▸ Extracted data:
========

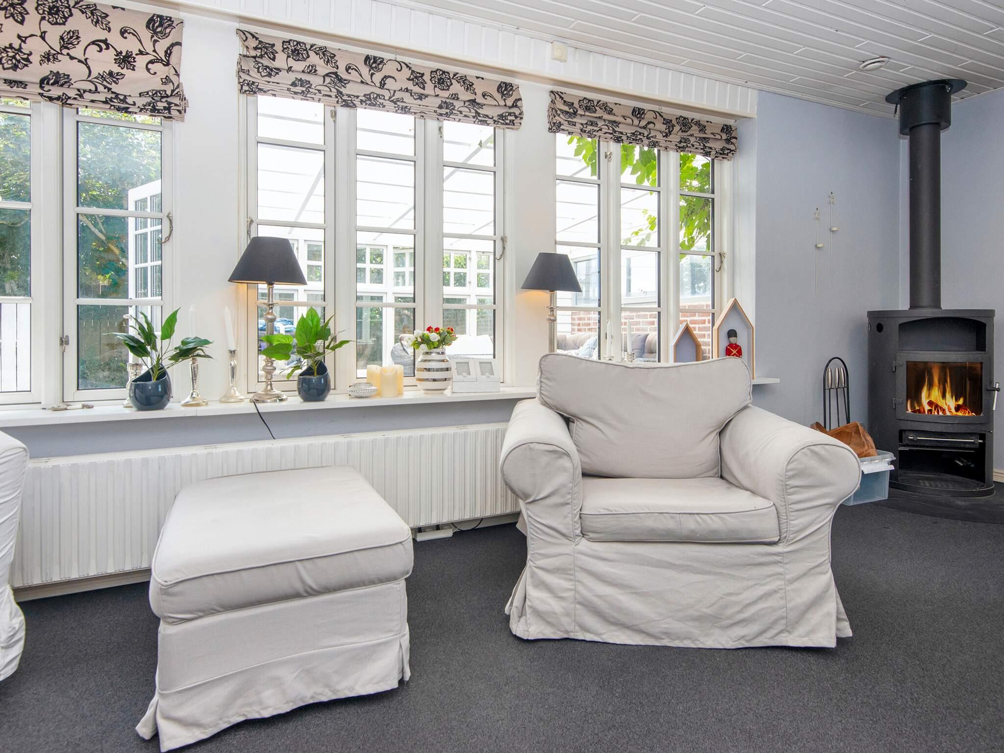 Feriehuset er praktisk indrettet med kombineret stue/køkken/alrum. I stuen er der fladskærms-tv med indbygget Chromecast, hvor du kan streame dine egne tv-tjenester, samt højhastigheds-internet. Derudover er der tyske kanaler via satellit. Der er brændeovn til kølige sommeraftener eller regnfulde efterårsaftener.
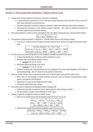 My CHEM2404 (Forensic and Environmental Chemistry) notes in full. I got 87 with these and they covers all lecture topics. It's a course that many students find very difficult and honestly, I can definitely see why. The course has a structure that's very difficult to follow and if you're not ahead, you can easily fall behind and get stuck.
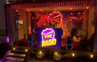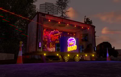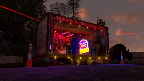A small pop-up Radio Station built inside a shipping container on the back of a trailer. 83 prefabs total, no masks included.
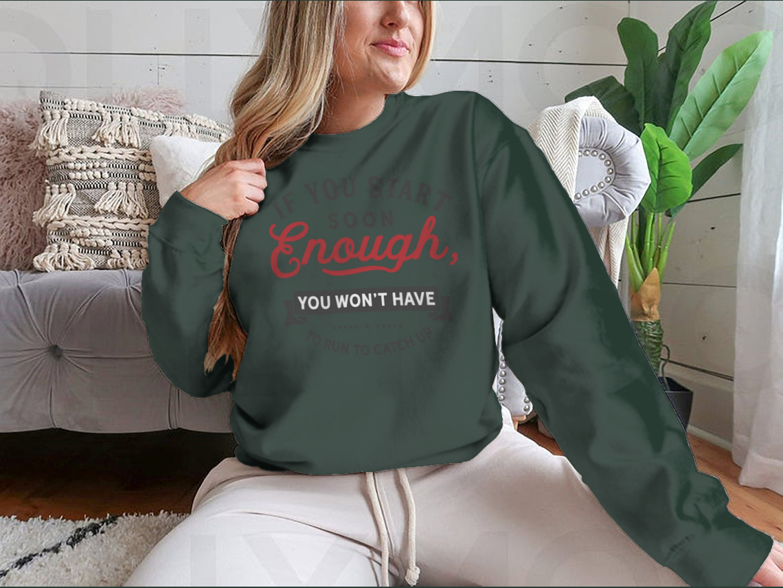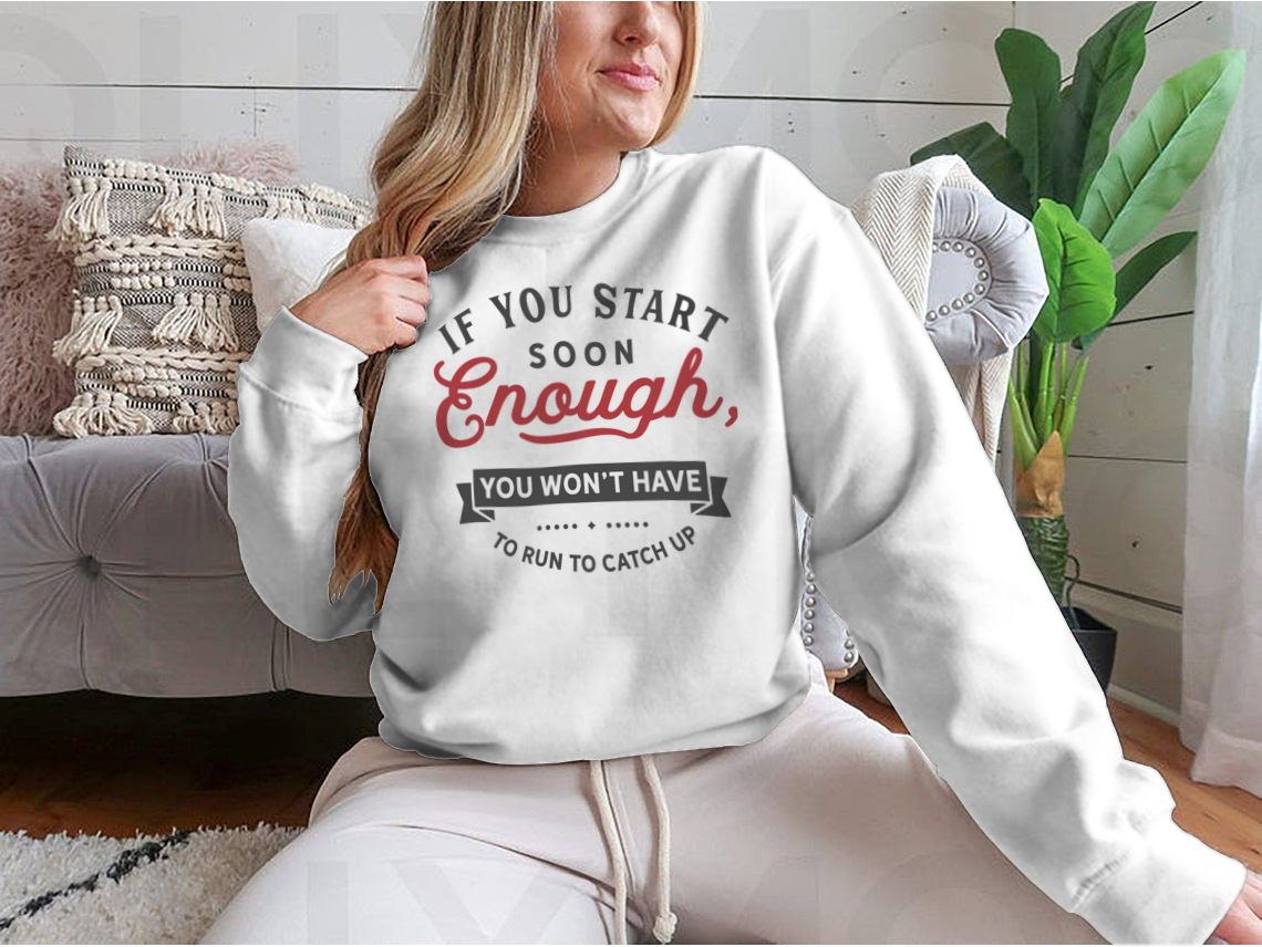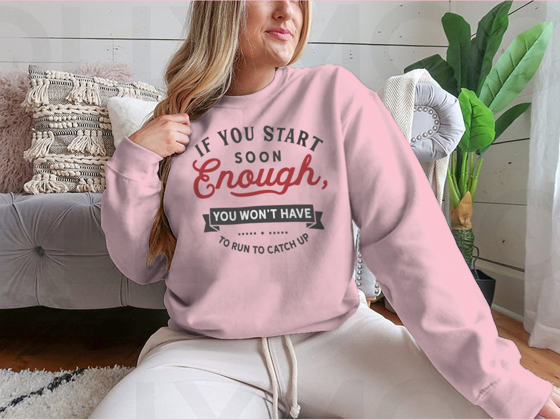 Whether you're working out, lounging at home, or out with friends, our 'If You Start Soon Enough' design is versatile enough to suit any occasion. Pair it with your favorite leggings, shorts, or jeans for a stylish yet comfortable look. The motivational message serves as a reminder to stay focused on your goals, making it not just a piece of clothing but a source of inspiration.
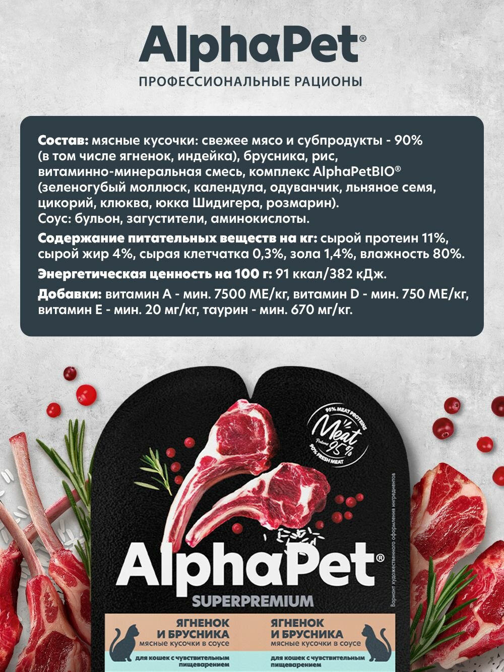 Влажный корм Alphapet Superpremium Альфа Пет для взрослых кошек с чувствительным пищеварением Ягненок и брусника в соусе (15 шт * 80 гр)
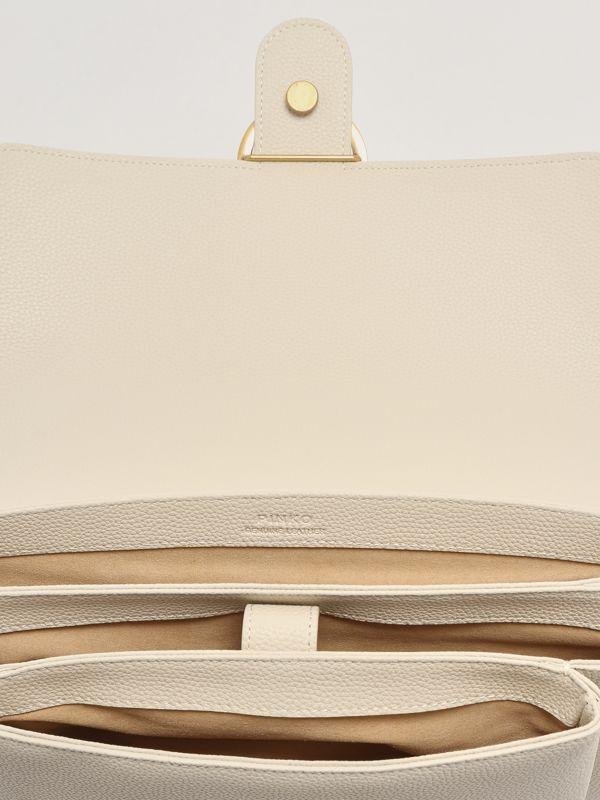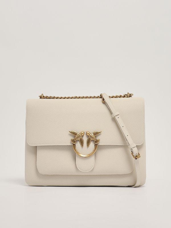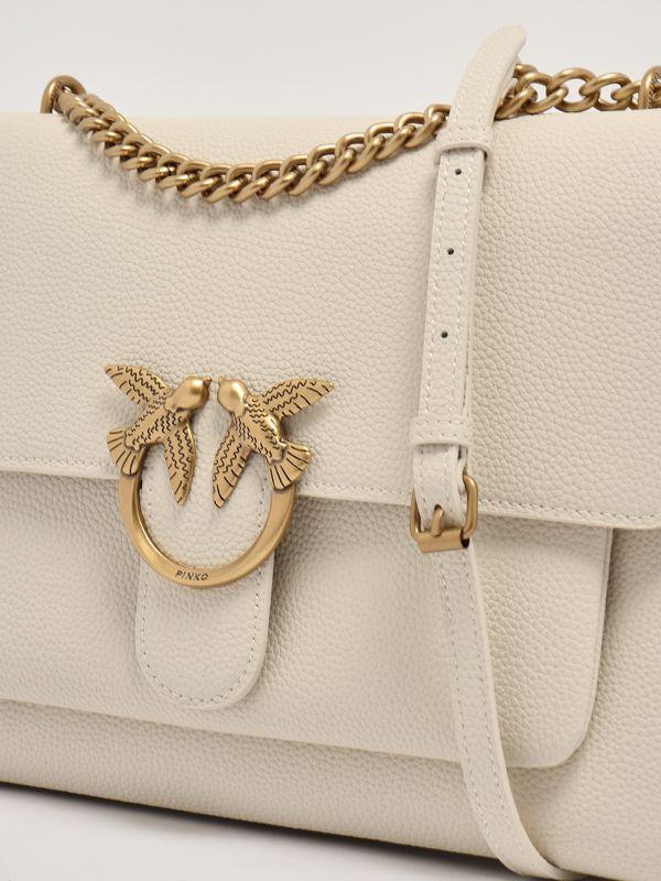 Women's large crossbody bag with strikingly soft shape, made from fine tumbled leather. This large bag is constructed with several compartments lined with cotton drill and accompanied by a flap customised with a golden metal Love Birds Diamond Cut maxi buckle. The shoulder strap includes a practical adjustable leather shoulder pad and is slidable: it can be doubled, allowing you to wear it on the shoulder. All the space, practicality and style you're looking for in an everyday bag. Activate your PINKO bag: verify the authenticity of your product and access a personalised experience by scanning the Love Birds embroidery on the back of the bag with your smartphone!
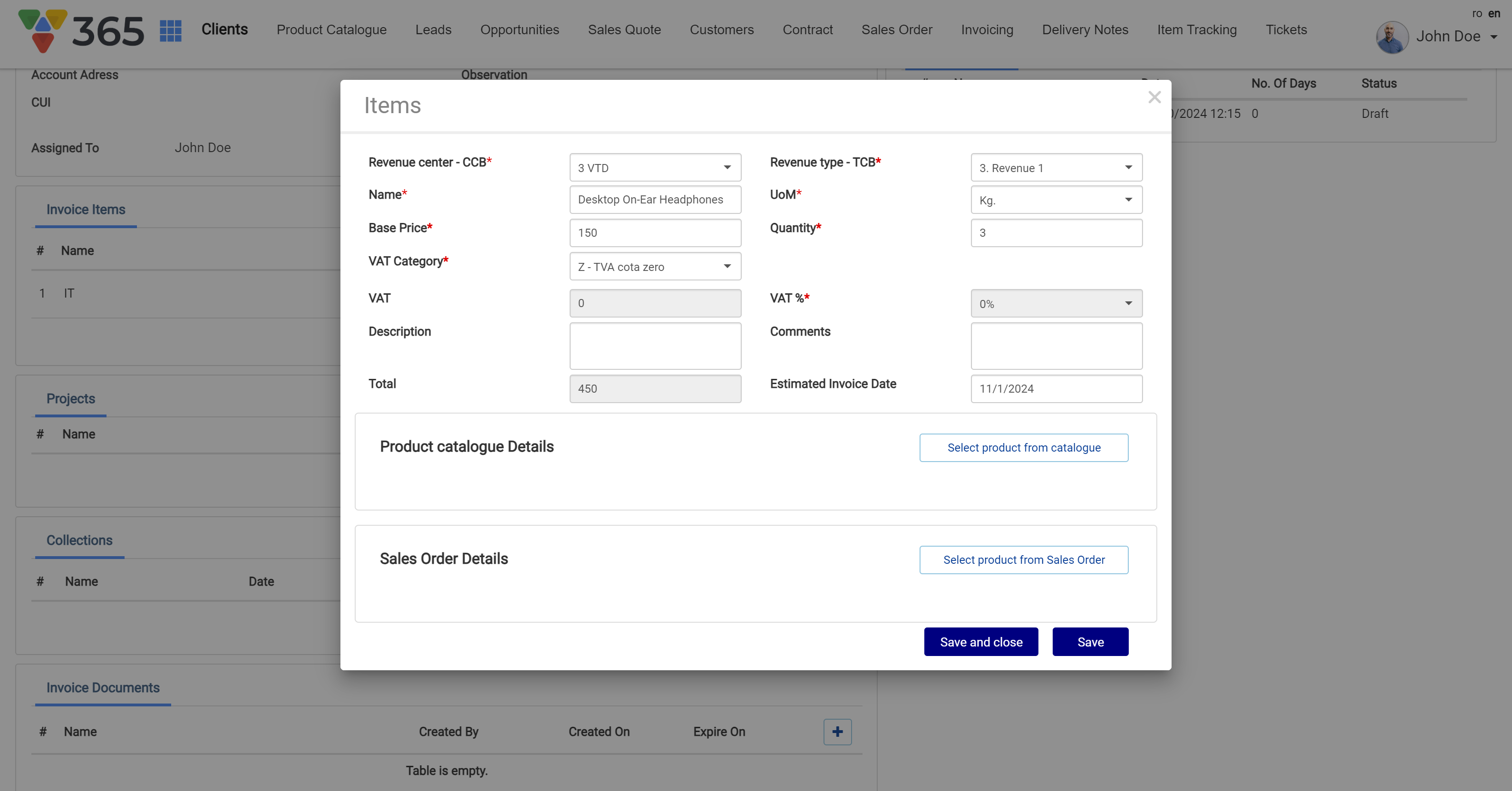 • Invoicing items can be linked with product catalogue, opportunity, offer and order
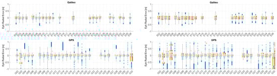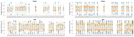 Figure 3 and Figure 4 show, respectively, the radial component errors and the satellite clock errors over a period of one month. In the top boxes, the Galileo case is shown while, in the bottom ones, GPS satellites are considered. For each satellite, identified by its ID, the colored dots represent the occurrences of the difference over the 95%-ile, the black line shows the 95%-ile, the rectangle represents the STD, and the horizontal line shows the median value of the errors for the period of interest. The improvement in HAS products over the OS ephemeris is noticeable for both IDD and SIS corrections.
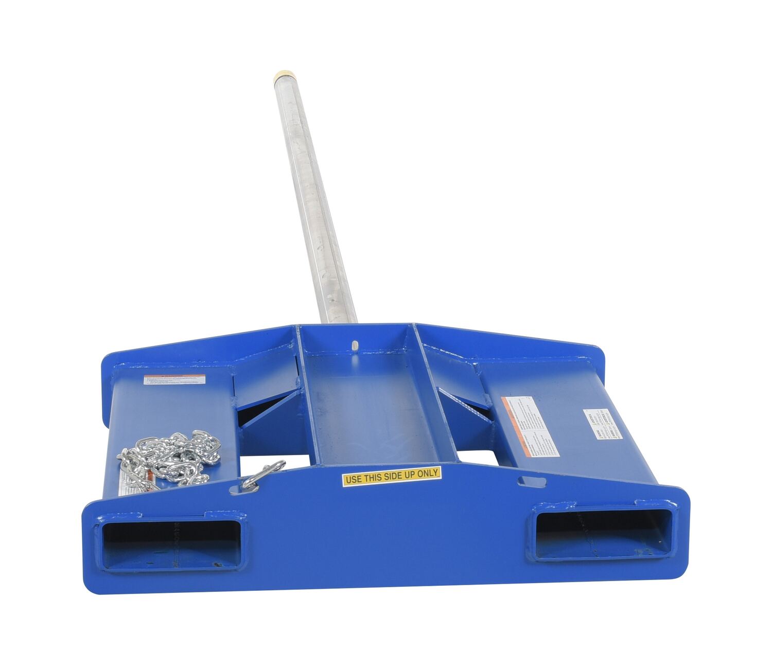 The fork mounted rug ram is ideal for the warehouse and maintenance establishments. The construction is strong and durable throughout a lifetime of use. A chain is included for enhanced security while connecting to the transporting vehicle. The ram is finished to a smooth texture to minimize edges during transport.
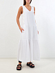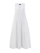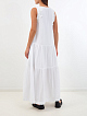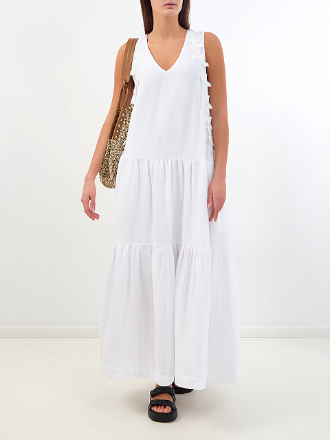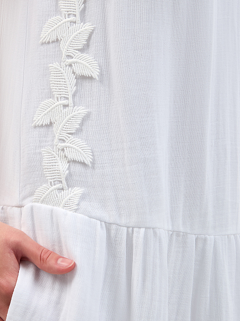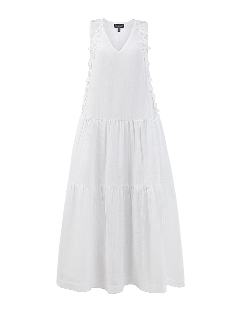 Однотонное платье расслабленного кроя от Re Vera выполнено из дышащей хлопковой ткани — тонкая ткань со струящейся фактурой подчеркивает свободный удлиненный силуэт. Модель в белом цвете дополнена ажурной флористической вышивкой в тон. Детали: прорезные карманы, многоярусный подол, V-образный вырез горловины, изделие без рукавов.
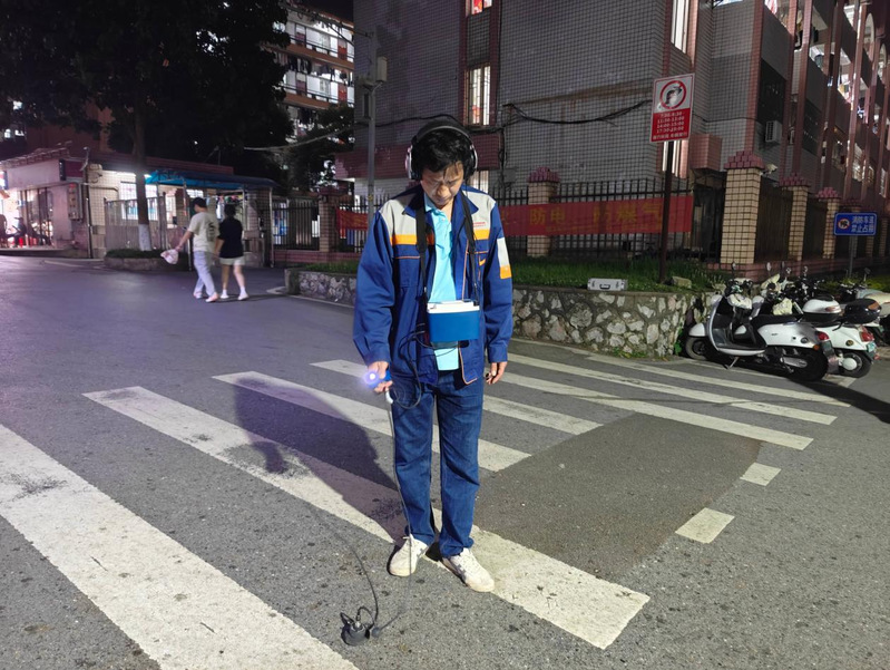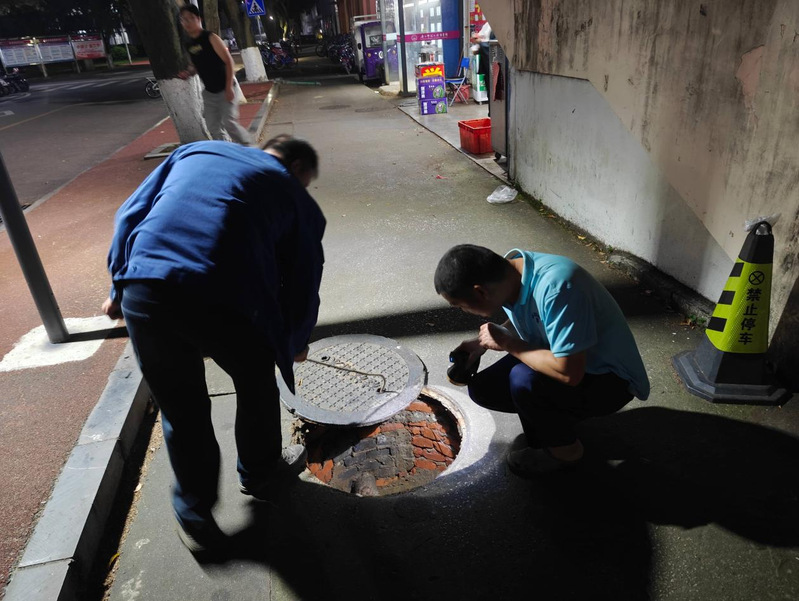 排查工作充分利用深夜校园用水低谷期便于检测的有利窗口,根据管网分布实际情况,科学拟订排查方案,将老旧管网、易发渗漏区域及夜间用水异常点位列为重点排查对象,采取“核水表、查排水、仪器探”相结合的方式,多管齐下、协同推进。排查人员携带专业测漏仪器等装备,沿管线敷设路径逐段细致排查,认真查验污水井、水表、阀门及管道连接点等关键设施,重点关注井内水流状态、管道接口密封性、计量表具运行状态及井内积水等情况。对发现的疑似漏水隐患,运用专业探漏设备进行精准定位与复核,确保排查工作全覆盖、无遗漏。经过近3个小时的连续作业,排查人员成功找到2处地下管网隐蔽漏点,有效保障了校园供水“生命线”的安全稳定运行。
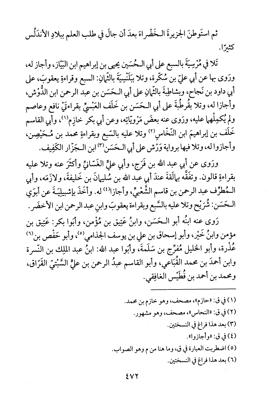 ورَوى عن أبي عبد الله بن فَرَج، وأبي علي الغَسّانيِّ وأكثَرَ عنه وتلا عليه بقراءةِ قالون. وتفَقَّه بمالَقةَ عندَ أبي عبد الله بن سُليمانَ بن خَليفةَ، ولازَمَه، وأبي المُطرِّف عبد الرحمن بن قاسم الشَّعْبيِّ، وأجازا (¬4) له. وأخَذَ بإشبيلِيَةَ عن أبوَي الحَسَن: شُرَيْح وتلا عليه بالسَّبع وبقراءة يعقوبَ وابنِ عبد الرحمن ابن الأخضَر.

========

▸ Problem:
Only the lines between the one with "Women's large crossbody" and the one with "Figure 3 and", those two included, get copied from the material above. Keep it exact and free of pictures.

▸ Answer to this task:
 Women's large crossbody bag with strikingly soft shape, made from fine tumbled leather. This large bag is constructed with several compartments lined with cotton drill and accompanied by a flap customised with a golden metal Love Birds Diamond Cut maxi buckle. The shoulder strap includes a practical adjustable leather shoulder pad and is slidable: it can be doubled, allowing you to wear it on the shoulder. All the space, practicality and style you're looking for in an everyday bag. Activate your PINKO bag: verify the authenticity of your product and access a personalised experience by scanning the Love Birds embroidery on the back of the bag with your smartphone!
 • Invoicing items can be linked with product catalogue, opportunity, offer and order
 Figure 3 and Figure 4 show, respectively, the radial component errors and the satellite clock errors over a period of one month. In the top boxes, the Galileo case is shown while, in the bottom ones, GPS satellites are considered. For each satellite, identified by its ID, the colored dots represent the occurrences of the difference over the 95%-ile, the black line shows the 95%-ile, the rectangle represents the STD, and the horizontal line shows the median value of the errors for the period of interest. The improvement in HAS products over the OS ephemeris is noticeable for both IDD and SIS corrections.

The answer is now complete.